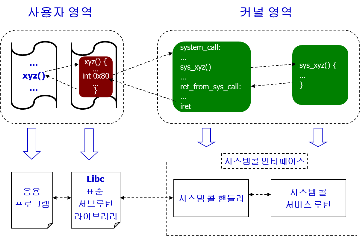 소프트웨어 인터럽트를 통해 커널에 서비스를 요청하는 것.
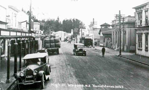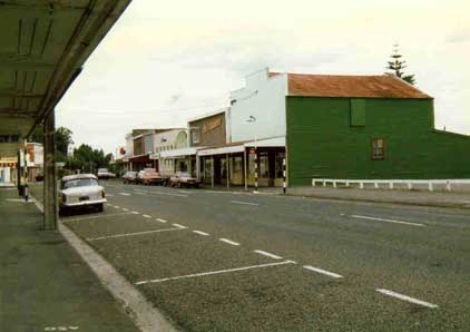 As you can see, Waipawas main street was drastically changed in 1985. Now we have a row of cherry blossom trees and some carparks there instead of shops. Only the other side of the road still exists
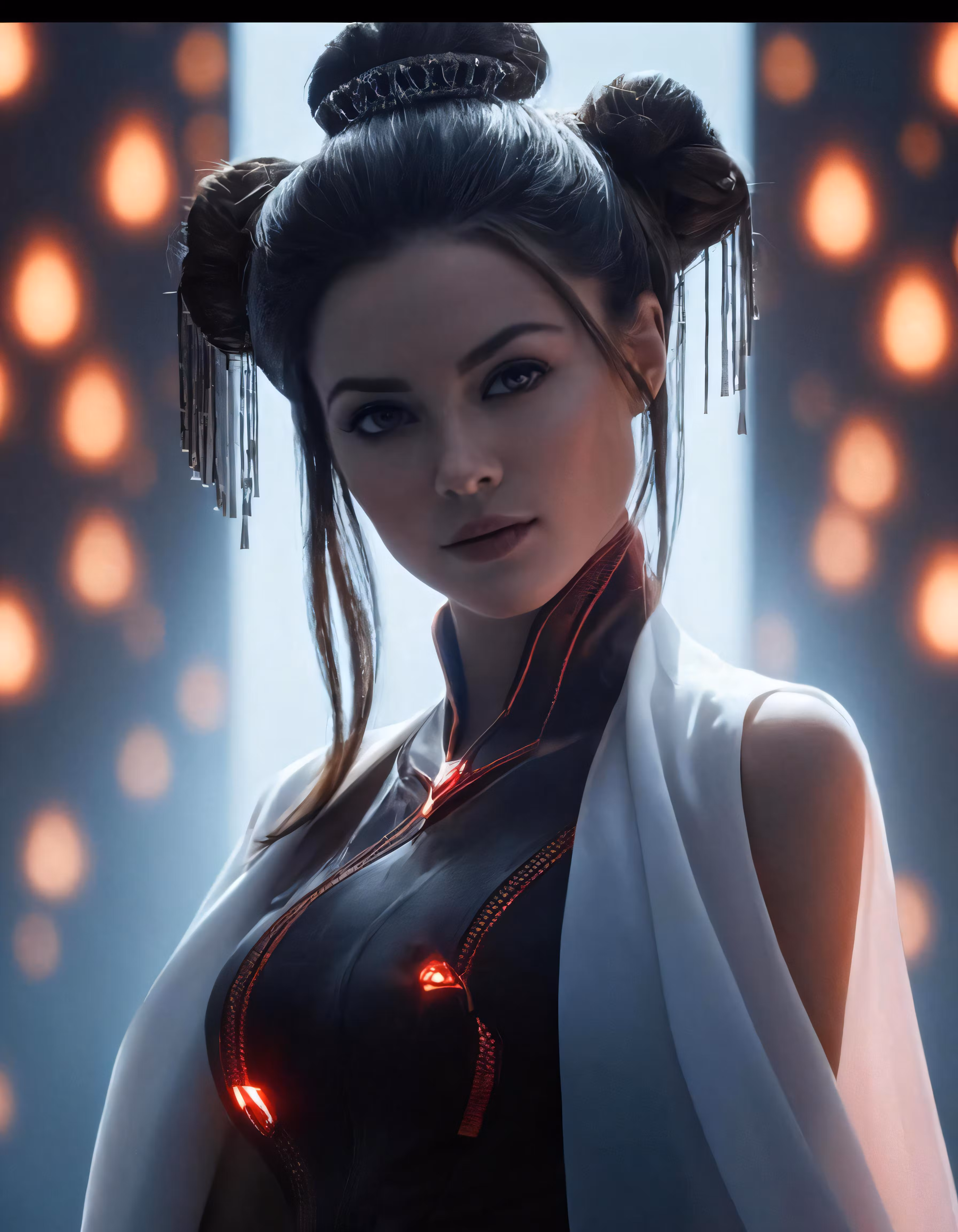 High resolution picture, free to use, a woman with a sci filament is wearing a necklace and a long robe
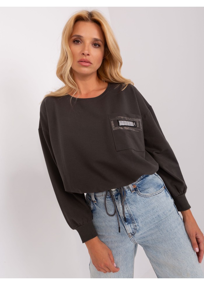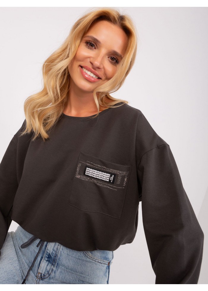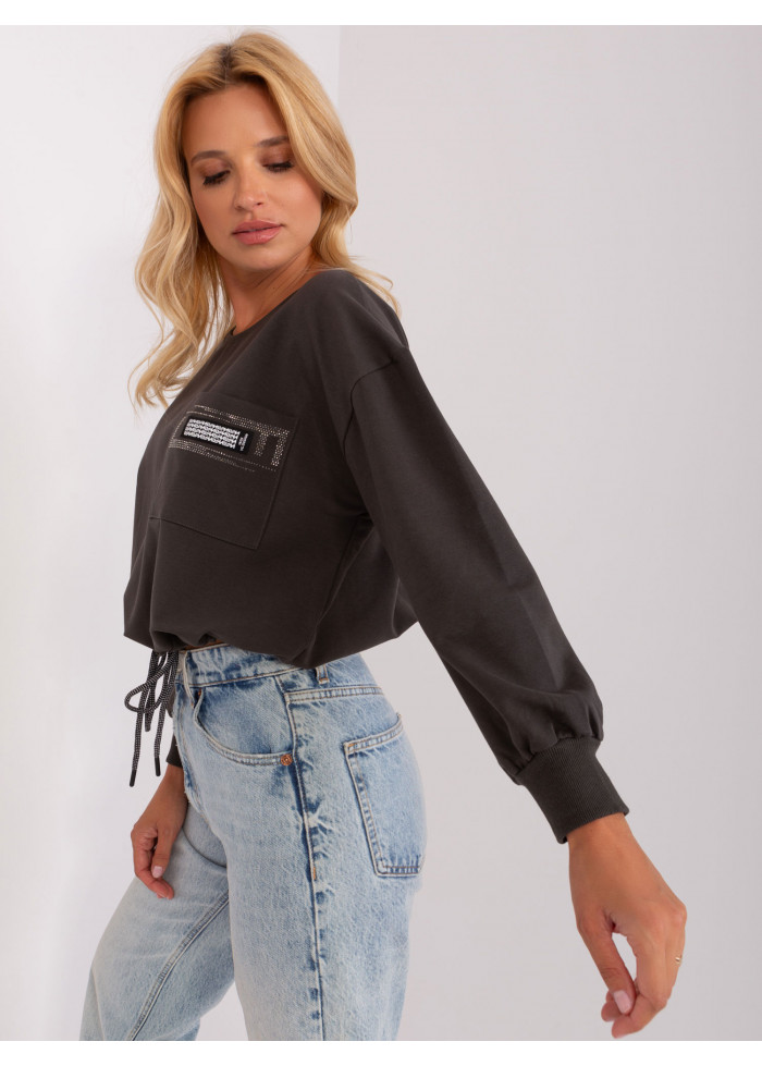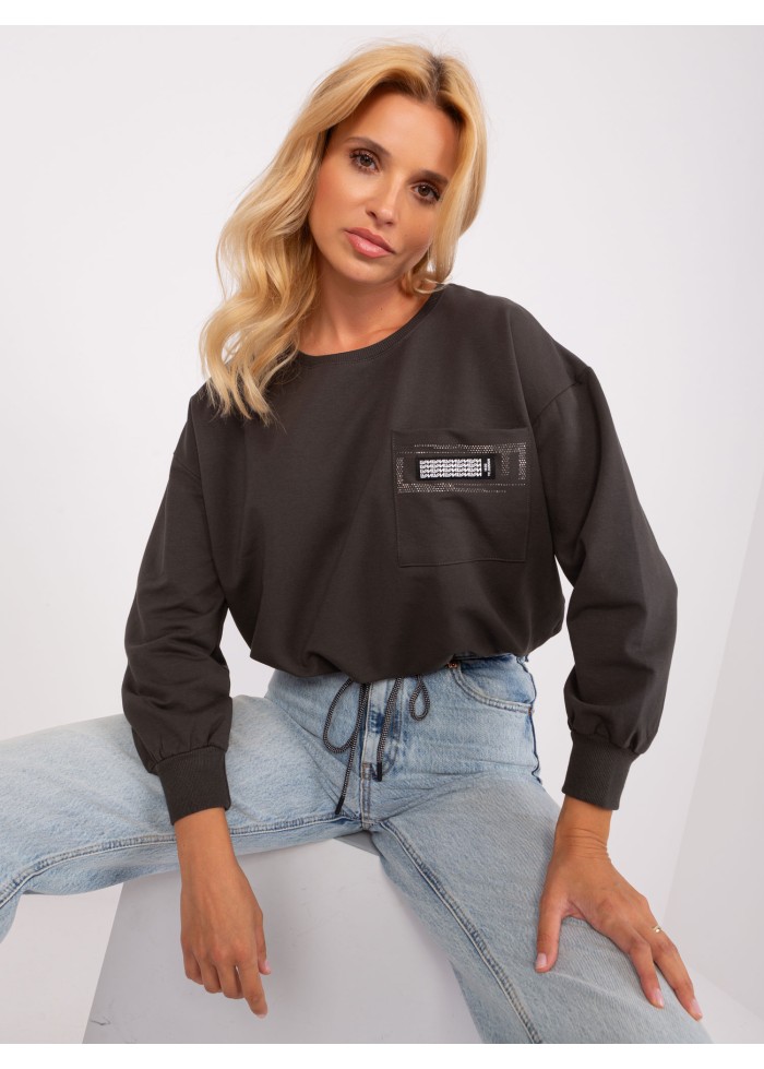 Bavlnené dámske tričko, okrúhly výstrih, šnúrka v spodnej časti, lémy na konci rukávov, ozdobná aplikácia, 1 náprsné vrecko, univerzálna veľkosť, šírka pod plecami: 55 cm, dĺžka rukáva: 45 cm, celková dĺžka: 51 cm.
******
• [Exercise]: Output only the lines from the start of the data through the line that holds "High resolution picture, free". Keep them exact and leave the pictures out.

• [Expected output]:
 소프트웨어 인터럽트를 통해 커널에 서비스를 요청하는 것.
 As you can see, Waipawas main street was drastically changed in 1985. Now we have a row of cherry blossom trees and some carparks there instead of shops. Only the other side of the road still exists
 High resolution picture, free to use, a woman with a sci filament is wearing a necklace and a long robe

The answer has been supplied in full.